2008 wurde Jessica Oeser zur Richterin auf Lebenszeit ernannt. Von 2012 bis 2016 war sie an die Justizbehörde abgeordnet, übernahm darauf die Leitung in Hahnöfersand. Die JVA soll ja bekanntlich bald nach Billwerder verlegt werden – ob die Fälle dann nicht mehr in Harburg, sondern im Bergedorfer Amtsgericht entschieden werden, sei noch nicht festgelegt – „aber ich würde mich freuen“.

Das Interesse begründet sich sicherlich auch mit ihrer Doktorarbeit an der Berliner Humboldt-Universität, der sie sich kriminologisch widmete. Das Thema, für das sie auch in Washington/DC recherchierte: „Einflussmöglichkeiten der Peer Group auf kriminelle/deviante Jugendliche im Rahmen von Präventions- und Resozialisierungsprojekten“. Sie wollte herausfinden, wie man diesen Einfluss positiv nutzen kann.

Gut 70 Menschen arbeiten am Amtsgericht, darunter 15 Richter

Nach weiteren Stationen am Amtsgericht Mitte und am Hanseatischen Oberlandesgericht wechselte sie nun als Direktorin nach Bergedorf, wo sie Holger Bork nach 15 Jahren ablöst. Ihre gut 70 Kollegen hat Jessica Oeser bereits kennengelernt, darunter 14 Richter. Mit „Akte, Hauptverhandlung, Urteil“ ist es jedoch längst nicht getan. Denn hinter jedem Gericht steht eine vielschichtige Organisation – vom Nachlass- und Grundbuchbereich über die Gerichtsvollzieher bis hin zu den „Kostenbeamten“, die zum Beispiel die Abrechnung für Gutachter übernehmen. „Mir wurde gesagt, ich dürfe ein gut laufendes, strukturiertes Gericht übernehme, das zudem sehr kollegial ist. Das hat sich mir schon in der ersten Woche bestätigt“, sagt sie dankbar.

Hunderte Urteile hat sie bereits gesprochen, wobei die Verfahren und Sachverhalte immer komplexer werden, „weil auch die Aufklärung langwieriger und schwieriger wird“. Da darf betont werden, dass „die Kriminalität in Deutschland seit Jahren relativ stark sinkt“.
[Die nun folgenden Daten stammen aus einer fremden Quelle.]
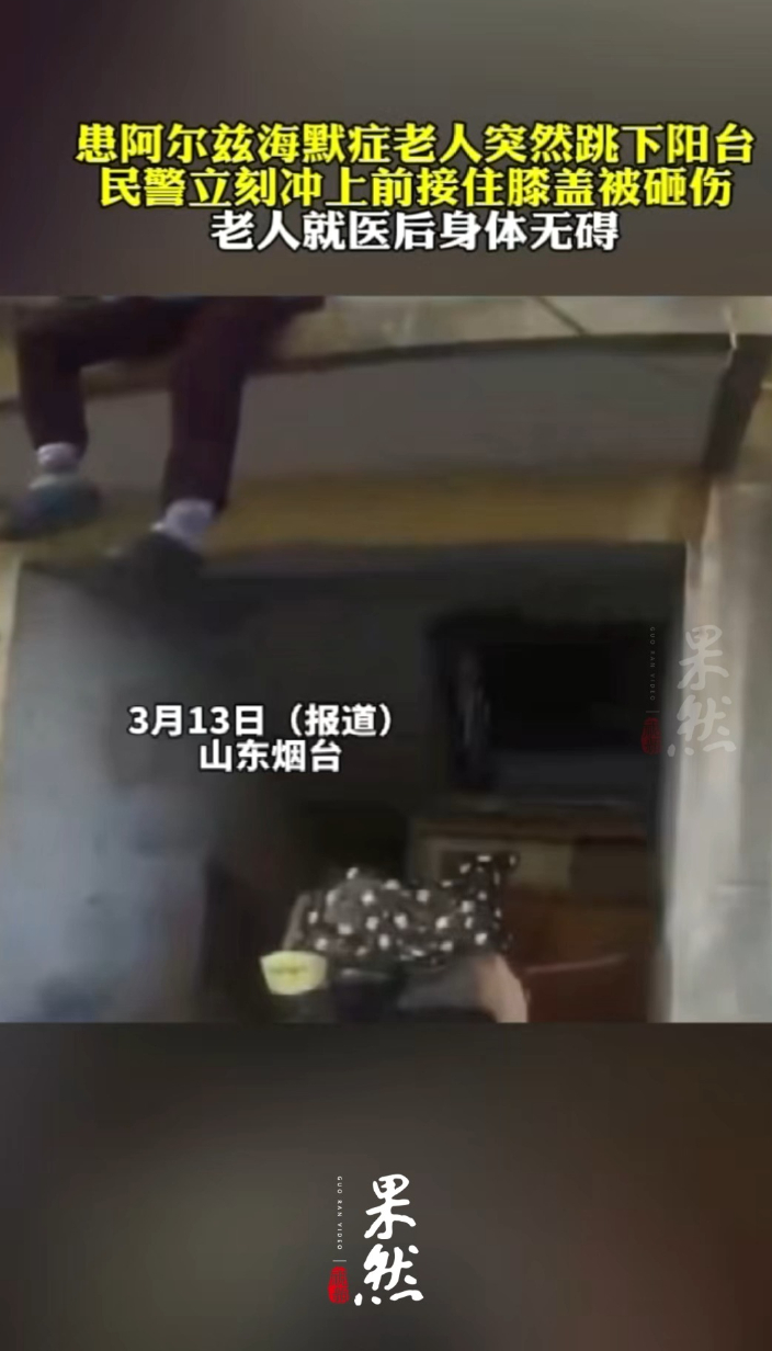 果然视频|患阿尔兹海默症老人突然跳下阳台,民警立刻冲上前接住齐鲁晚报·齐鲁壹点客户端 昨天17:26原创“我们找梯子过来!”话还没说完,老人突然从阳台跳下。3月13日(报道),在山东烟台,一名患阿尔兹海默症的老人突发险情。千钧一发之际,民警姜聪来不及多想,立刻冲上前用身体硬生生接住老人。老人安然无恙,姜聪的膝盖却被砸伤。事后他说:“那一瞬间,只想接住她。”(齐鲁晚报·齐鲁壹点记者 刘一诺 孔明哲 范佳)

Ein Willkommensgruß: Jessica Oeser (48), die neue Direktorin am Bergedorfer Amtsgericht, freut sich über den Blumenstrauß ihrer Kollegen.
Ein Willkommensgruß: Jessica Oeser (48), die neue Direktorin am Bergedorfer Amtsgericht, freut sich über den Blumenstrauß ihrer Kollegen. © BGZ | Strickstrock

Zum Glück sehr selten würden Bilder von verletzten Menschen oder missbrauchten Kindern sie auch noch privat beschäftigen: „Da gelingt mir der Abstand. Ich nehme höchstens mal eine fachliche Frage mit nach Hause. Denn mein Freund, der übrigens in Bergedorf geboren ist, arbeitet auch als Richter“, sagt die Frau, die mitten in der Stadt wohnt – und ihren Stadtteil nicht nennen möchte, weil doch schon einigen Berufskollegen blöd nachgestellt wurde.

In der Freizeit mit Pferd und VW-Bus unterwegs

Lieber aber schnuppert sie frische Luft und Stallgeruch: „Ich reite gern und fahre oft zu meinem Pferd, das der Rasse nach ein Spanier ist: Es heißt PRE, das steht für Pura Raza Espanola.“ Der Stall steht im Hamburger Osten: „Da ist Bergedorf ganz praktisch schon auf halbem Weg.“

„Strecke machen“ steht also nicht nur beruflich auf dem Programm: „Vor Corona machten wir am liebsten Fernreisen. Aber jetzt haben wir einen VW-Bus und reisen gern durch Europa“, sagt die 48-Jährige, die sich zuletzt an schöne Wanderwege auf Korsika erinnert.

In solchen Momenten kann sie die Welt der schlimmen Verbrechen gut vergessen – wie etwa den Jugendlichen mit seinen 18 Taten und einem ganzen Umzugskarton voller Akten zu Diebstahl, Raub, Körperverletzung und Betrug. Wenn es nicht gerade Mord oder versuchte Tötung ist, landen übrigens alle Jugendsachen beim Amtsgericht. Nur bei den Erwachsenen ist das anders. Da werden bis zu vier Jahre Haft verhandelt oder im Zivilrecht ein Streitwert bis zu 5000 Euro. Wer mehr auf dem Kerbholz hat, muss sich vor dem Landgericht verantworten.

Daher wird sie den riesigen Radiergummi auf ihrem Bergedorfer Schreibtisch wohl nicht brauchen: „For really big mistakes“ steht drauf. Jessica Oeser jedenfalls hat offenbar alles richtig gemacht. Und ihrer störrischen Kaffeemaschine wird sie auch noch den rechten Weg weisen.